# Kitchenaid Artisan Burr Grinder



## Mazza (Aug 11, 2010)

I've got an Iberital MC2 grinder which I'm happy with but my wife thinks it looks a bit crap.

She likes the look of the Kitchenaid Artisan Burr Grinder to match her mixer, does anyone know if they are any good ? It appears to deposit the ground coffee into a glass container









  

Are there any modern classy looking grinders out there that don't cost a fortune ?


----------



## AlIam (Aug 30, 2011)

It would appear to be pants

http://coffeegeek.com/reviews/grinders/kitchenaidretro


----------



## Mazza (Aug 11, 2010)

AlIam said:


> It would appear to be pants
> 
> http://coffeegeek.com/reviews/grinders/kitchenaidretro


Thanks for that link, doesn't look too good !


----------



## jimbow (Oct 13, 2011)

If looks are important you could consider the Eureka Mignon or Compak K3 although these might both be a little out of your intended price range. I think some of the Cunhill models (also sold re-badged by Iberital I think) look nice too but looks are a very personal thing.


----------



## HizerKite (Feb 25, 2011)

I bought one of these off an online auction site as non working with the intention or fixing it. The internal fuse had blown so replacing this caused the machine to spring to life.

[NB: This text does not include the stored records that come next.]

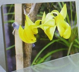
ดอกไม้ประจำจังหวัด ดอกจานเหลือง

ประกอบด้วย พระมงคลมิ่งเมืองเป็นประธานของภาพ แสงฉัพพรรณรังสีเปล่งรัศมีแผ่ โดยรอบพระเศียร ช้ายขวา มีต้นไม้อยู่ ๒ ช้าง ถัดไปเป็นกลุ่มเมฆ ด้านล่าง แถบป้ายบอกชื่อจังหวัดอำนาจเจริญ ความหมาย พระมงคลมิ่งเมืองเป็นพระพุทธรูปขนาดใหญ่ ตั้งอยู่กลางแจ้งในบริเวณพุทธอุทยาน พระมงคลมิ่งเมือง ประดับด้วยโมเสกสีทองเหลืองอร่ามเป็นศรีสง่าของเมือง เป็นศูนย์รวมจิตใจของชาวเมือง รัศมีสว่างแผ่กระจายรอบพระเศียร หมายถึง พุทธานุภาพแห่งพระมงคลมิ่งเมืองที่แผ่กระจายครอบคลุมทั่วจังหวัดอำนาจเจริญ ให้ชาวจังหวัดอำนาจเจริญประสบแต่ความสุขและความเจริญรุ่งเรือง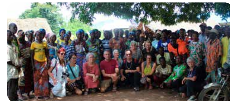
La délégation Chef-Boutonnaise entourée des habitants du village d'Agavé.

La mission avait un double objectif : faire découvrir aux bénévoles le canton de Kamé, où se situe la commune d'Agavé et observer l'avancement des projets menés par l'association. Mais aussi, pour le comité de jumelage : organiser à distance une première rencontre entre élus, afin de renforcer le lien institutionnel du jumelage.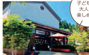
子どもから 大人まで 楽しめます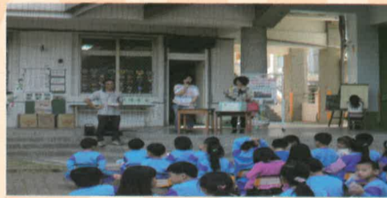
妙婷老師主持摸彩活動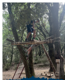
Les Chefs Pionniers - Caravelles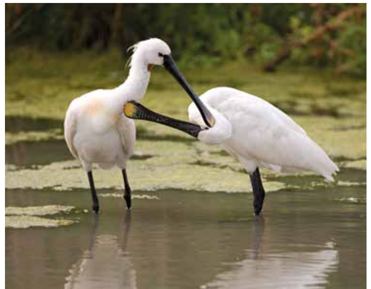
Lepelaars in de Marker Wadden

Wilt u onze digitale nieuwsbrieven ontvangen en zo nog sneller op de hoogte zijn van het laatste nieuws?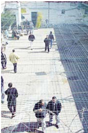
סמכויות שנתרו בידי המדינה

היקף החוזה נאמד ב-1.4 מיליארד שקל; הקבוצה הזוכה גם תפעיל ותנהל את הכלא במשך 22 שנה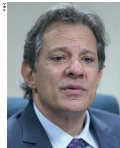
Nacional de Desenvolvimento Econômico e Social).

O teto atual de gastos prevê a exclusão das estatais não dependentes do Tesouro e dos gastos eleitorais dos limites de despesas e dos gastos da Justiça Eleitoral. O projeto de lei complementar, no entanto, manterá dentro da regra fiscal os aportes a bancos oficiais. A mudança tem como objetivo reduzir o espaço para megacapitalizações em bancos públicos, como foi feito entre 2009 e 2015 com o BNDES (Banco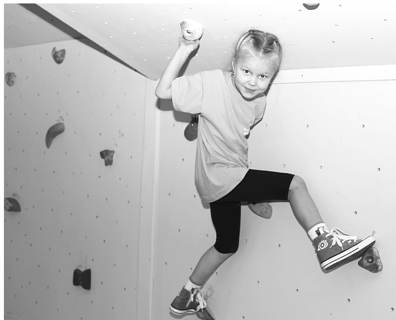
Бouldеринговый зал – отличное место для активного отдыха взрослых и детей.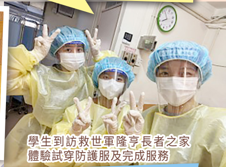
學生到訪救世軍隆亨長者之家體驗試穿防護服及完成服務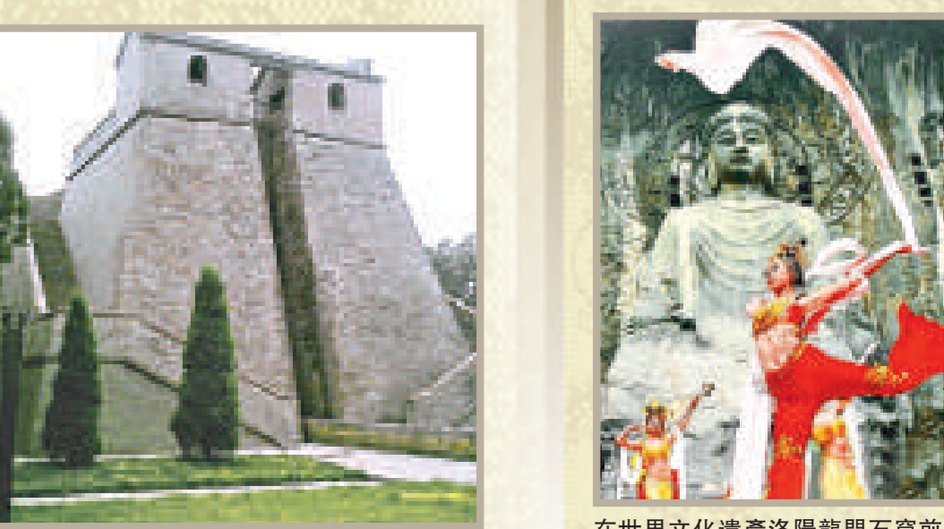
世界九大神秘古觀音台排名第二的河南省觀音臺

洛陽牡丹甲天下。而今洛陽每年四月中下旬舉辦的盛大牡丹花會，滿城牡丹競放，觀者如潮。開封每年金秋10月舉辦的菊花會，幾十萬盆菊花、上百個品種，滿城菊香。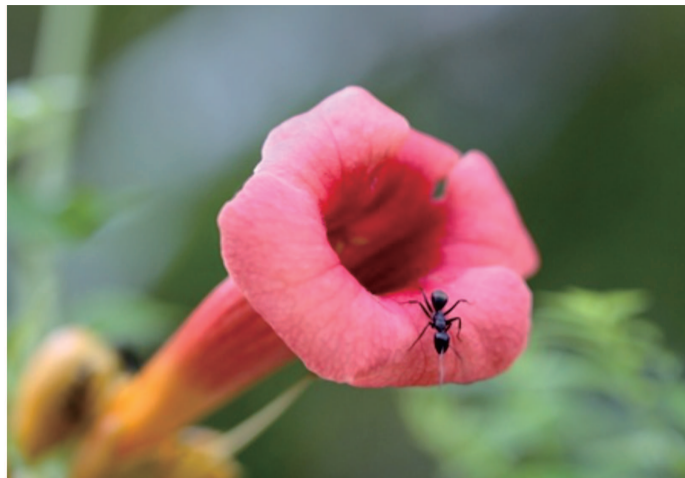
2018年8月24日摄于苏州公园一角 工会 蔡佩玲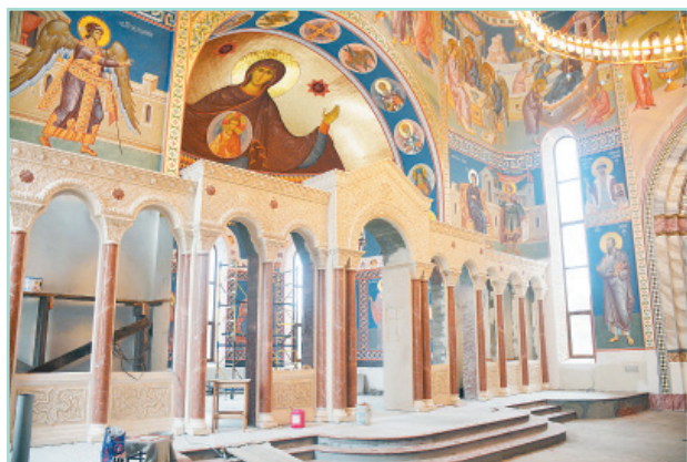
Для мраморного иконостаса уже написана часть икон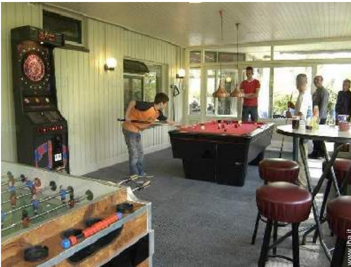
sala dei giochi

After a few uses, I noticed oil leaking from the front of the machine. I dismantled the main gearbox in an attempt to find out the problem. It looked as if a felt gasket was to blame but I decided not to bother repairing the machine and sold it as 'for parts' on the same auction site. The main gearbox is actually a load of plastic gears - appalling build quality and I'll never buy anything made by Kitchenaid again. They market the machine as a high quality item with die cast chassis etc. Shame the rest of it is such low quality rubbish as it looks really nice. Definitely one to avoid.


----------



## Outlaw333 (Dec 13, 2011)

Mazzer Mini Baby!!!! Classic understated styling and the best home grinder money can buy! truly worth the investment and will last a lifetime.


----------



## Glenn (Jun 14, 2008)

The Iberital runs rings around that model.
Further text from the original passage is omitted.